Items from a data source

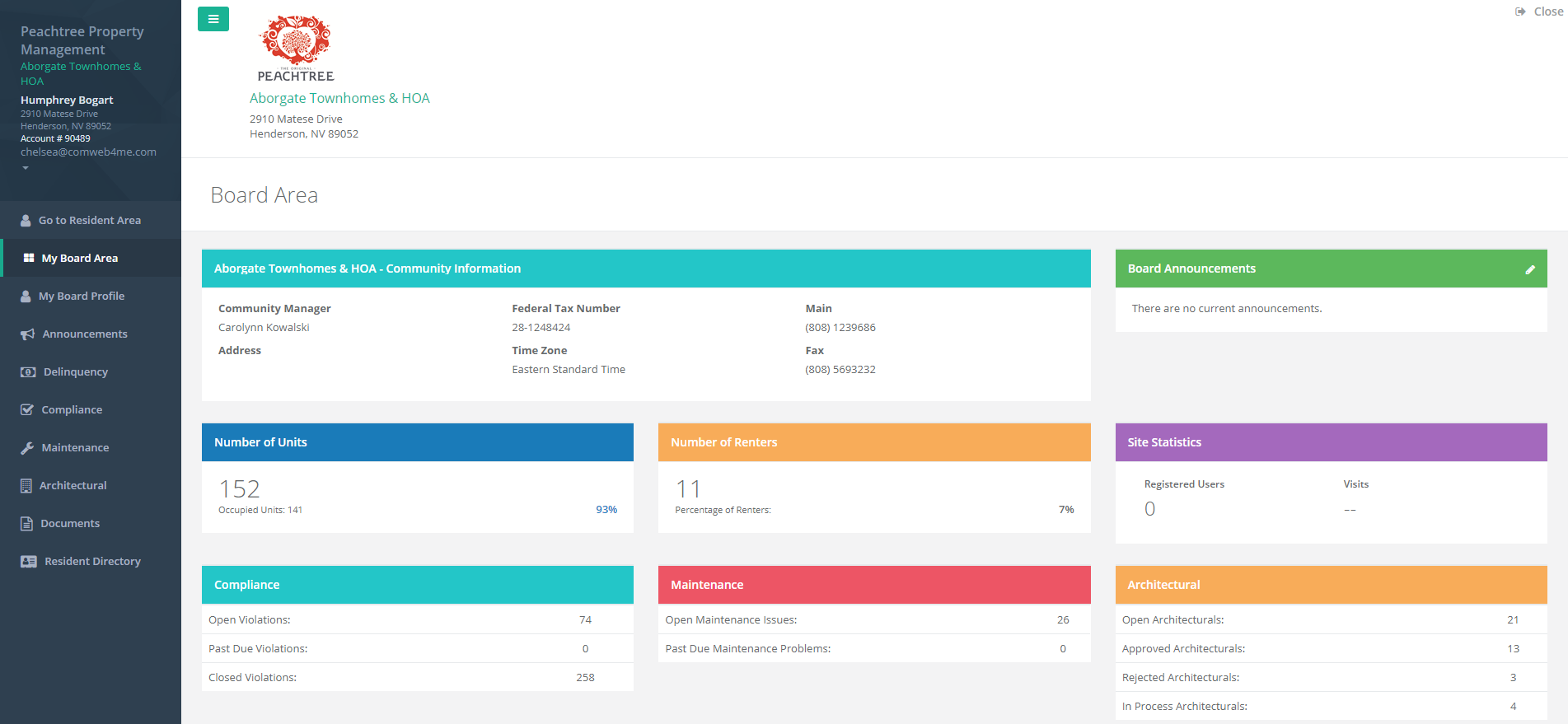 Our Board Dashboard allows board members to stay up to date on community operations without manager intervention. Managers can set display permissions to allow board members to view Delinquencies, Maintenance, Architectural and Compliance requests. Board members can also have access to edit announcements and view board-only documents.
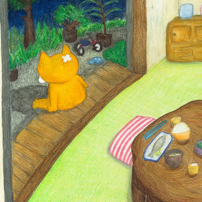 夕飯も食べずに、 「あたらしく、」を考える けすん #あたらしく展 #イラスト好きな人と繋がりたい #猫 ではないのです(笑) #ゆるキャラ
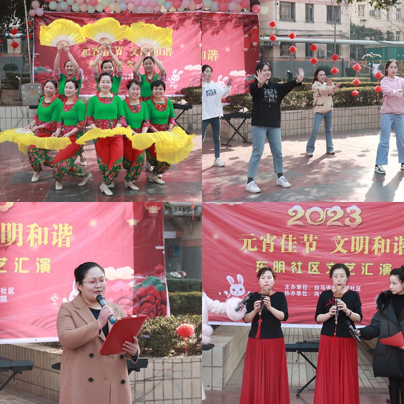 瑞虎辞岁送除夕,玉兔迎春闹元宵。为弘扬中华民族优秀传统文化,丰富群众精神文化生活,营造欢乐、祥和、喜庆的节日氛围。2月3日下午,我院与东明社区联合举办元宵节文艺汇演活动,用音乐传递着新年的喜悦,用舞蹈表达着共同的祝愿,为社区居民送上一道道原汁原味的“文化大餐”。
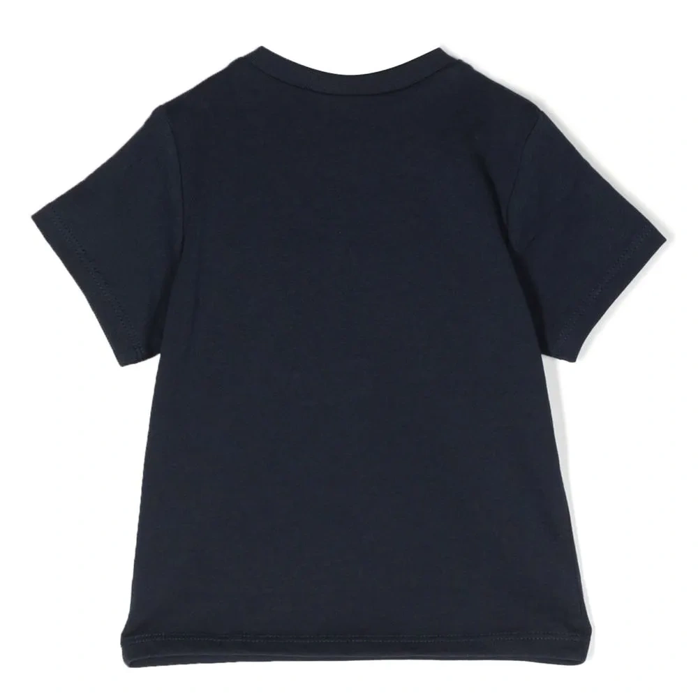 Темно-синий, хлопок, логотип спереди, круглый вырез, короткие рукава и завязки по бокам.
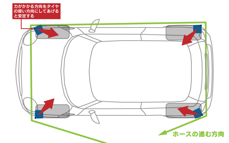 でもそんなことをしたらタイヤからホースが外れた拍子に勢い余ってボディを強打……車も傷むし、心も痛む――なんてことも。
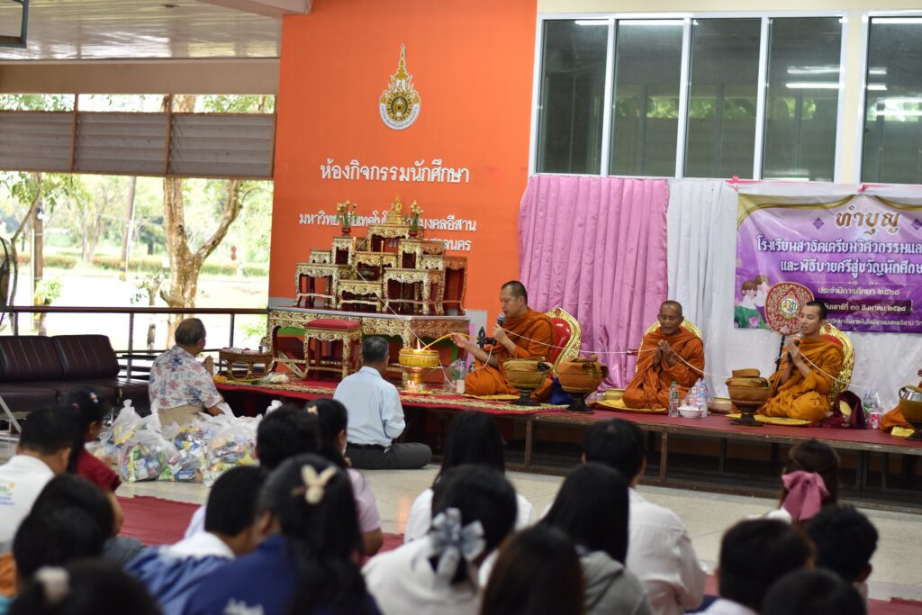 วันที่ 30 สิงหาคม 2568 โรงเรียนสาธิตเตรียมวิศวกรรมและเทคโนโลยี คณะอุตสาหกรรมและเทคโนโลยี นำโดย อาจารย์เมธา ทัศคร หัวหน้าโรงเรียนสาธิตเตรียมวิศวกรรมและเทคโนโลยี พร้อมด้วยคณาจารย์และนักศึกษา จัดพิธีทำบุญโรงเรียนและพิธีบายศรีสู่ขวัญ นักศึกษาใหม่ ประจำปีการศึกษา 2568 ณ อาคารอเนกประสงค์ มหาวิทยาลัยเทคโนโลยีราชมงคลอีสาน วิทยาเขตสกลนคร เพื่อความเป็นสิริมงคล เสริมสร้างความสามัคคี สืบสานวัฒนธรรม ตลอดจนเป็นการต้อนรับนักศึกษาใหม่ สร้างขวัญกำลังใจ และเป็นมงคล ต่อการเริ่มต้นชีวิตการศึกษา โดยมีกิจกรรมทำบุญตักบาตร ถวายภัตตาหารเช้าแด่พระภิกษุสงฆ์ พิธีบายศรีสู่ขวัญ ผูกข้อมือรับขวัญนักศึกษาใหม่ และยังมีการทำโรงทานโดยคณะผู้ปกครอง และคณาจารย์อีกด้วย
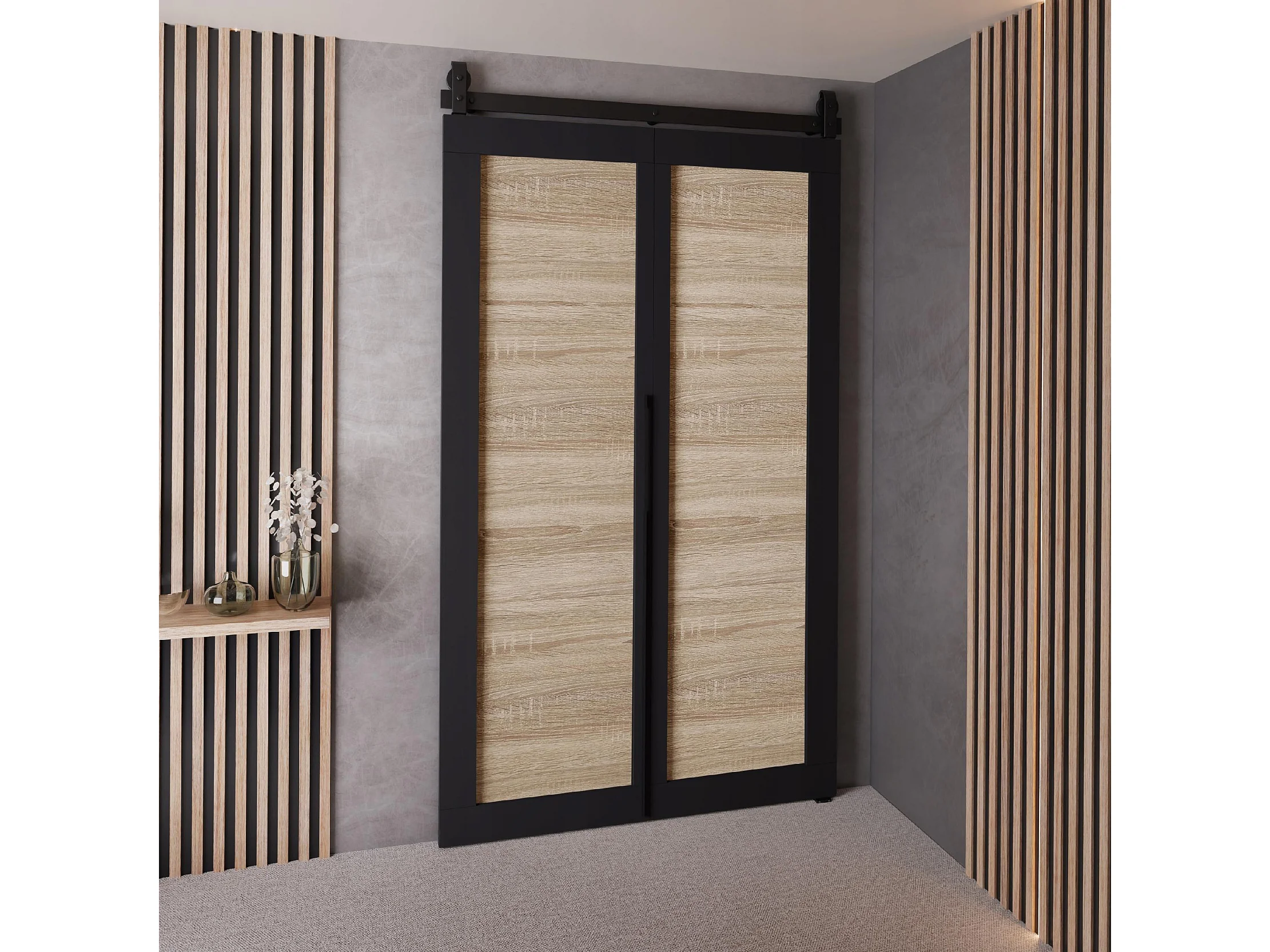 Schiebetür QUDIO M1 Schwarz + Eiche Sonoma 100

■ **Task details**: Pictures aside, return exactly the lines from the data above, starting at the line that has "Темно-синий, хлопок, логотип" and ending at the line that has "でもそんなことをしたらタイヤ", both included.

■ **Output for this exercise**:
 Темно-синий, хлопок, логотип спереди, круглый вырез, короткие рукава и завязки по бокам.
 でもそんなことをしたらタイヤからホースが外れた拍子に勢い余ってボディを強打……車も傷むし、心も痛む――なんてことも。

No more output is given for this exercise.